A proposed teen and young adult dance club is one step closer to opening in Oak Forest—but not before the owner meets several requirements set by the city.
After nearly an hour of discussion, Aldermen Laura Clemons and Dan Ensing were steadfast against the plan, which received nods from the five others present.
Patron age, alcohol and security topped the list of concerns, and aldermen established several conditions owner James Marcanio will have to meet before the club for 16- to 22-year-olds can open its doors.
Prior to building permit approval, Marcanio must submit a parking agreement between Oxygen Teen Nite Club and neighboring Original Pancake House.
Marcanio must submit a standard operational procedure safety manual for police and fire departments' review and comment.
Install fire sprinkler system in accordance with fire department regultaions.
Enforcement of curfews related to minors' use of facility.
"One of the things with a special use (permit) is that it is as of by right, as long as they meet the conditions," said Community Development Director Adam Dotson. "Meaning that, if indeed these conditions that are set forth in the ordinance are not met, they will not open.
If the owner meets, but later violates any of the conditions, the city could close the club.
Alderman Ensing was the first to speak up about his concerns surrounding the club, citing a Buffalo Grove police study that showed teen clubs are often the source of more police incidents than bars.
"You can say you're going to police it as best you can and you're going to hire off-duty police officers and you're going to do everything you can to keep the riff-raff out," Ensing said. "But, these towns that have them, find that they generally have a lot of issues when it comes to putting teen night clubs and teen dance halls in there."
Clemons added on to Ensing's concerns, citing patron age as problematic.

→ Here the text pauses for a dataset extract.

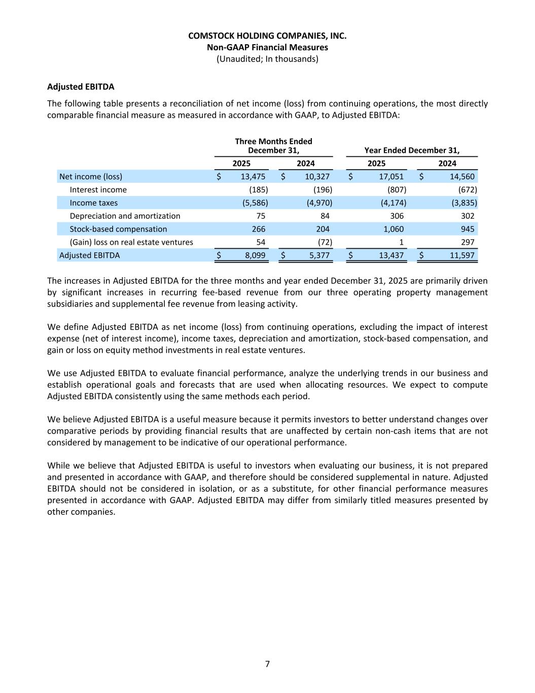 Adjusted EBITDA The following table presents a reconciliation of net income (loss) from continuing operations, the most directly comparable financial measure as measured in accordance with GAAP, to Adjusted EBITDA: Three Months Ended December 31, Year Ended December 31, 2025 2024 2025 2024 Net income (loss) $ 13,475 $ 10,327 $ 17,051 $ 14,560 Interest income (185) (196) (807) (672) Income taxes (5,586) (4,970) (4,174) (3,835) Depreciation and amortization 75 84 306 302 Stock-based compensation 266 204 1,060 945 (Gain) loss on real estate ventures 54 (72) 1 297 Adjusted EBITDA $ 8,099 $ 5,377 $ 13,437 $ 11,597 The increases in Adjusted EBITDA for the three months and year ended December 31, 2025 are primarily driven by significant increases in recurring fee-based revenue from our three operating property management subsidiaries and supplemental fee revenue from leasing activity. We define Adjusted EBITDA as net income (loss) from continuing operations, excluding the impact of interest expense (net of interest income), income taxes, depreciation and amortization, stock-based compensation, and gain or loss on equity method investments in real estate ventures. We use Adjusted EBITDA to evaluate financial performance, analyze the underlying trends in our business and establish operational goals and forecasts that are used when allocating resources. We expect to compute Adjusted EBITDA consistently using the same methods each period. We believe Adjusted EBITDA is a useful measure because it permits investors to better understand changes over comparative periods by providing financial results that are unaffected by certain non-cash items that are not considered by management to be indicative of our operational performance. While we believe that Adjusted EBITDA is useful to investors when evaluating our business, it is not prepared and presented in accordance with GAAP, and therefore should be considered supplemental in nature. Adjusted EBITDA should not be considered in isolation, or as a substitute, for other financial performance measures presented in accordance with GAAP. Adjusted EBITDA may differ from similarly titled measures presented by other companies. COMSTOCK HOLDING COMPANIES, INC. Non-GAAP Financial Measures (Unaudited; In thousands) 7

"My concern in my overview with this is the age discrepancy, 16 to 22," Clemons said. "Does that mean 22 is the cut-off or will somebody over 22 be allowed in, so that there's a potential for a 29-year-old dancing on the dance floor with a 16-year-old?"
Marcanio said that security for the location will be made up of off-duty Crestwood, and hopefully, Oak Forest police officers, who will check IDs and scan any guests with a wand. He added that a security car will patrol the parking lot throughout the night to ensure that no fights or trouble happen outside of the establishment.
Marcanio added that the club will strictly enforce the city's curfew for its younger guests, turning down the music and turning up the lights about a half hour before curfew to escort younger patrons out of the establishment.
Older patrons would probably enter around 11 p.m., limiting the mingling of the youngest patrons with older patrons. Security will keep a close eye on older guests.
"There's predators out there, and it's our job to keep these kids out there safe and secure," Marcanio said.
While aldermen worried that the owner might eventually request permission to have alcohol on the premises, Marcanio dispelled that idea.
"We are never asking for [alcohol]," he said. "We're not having alcohol."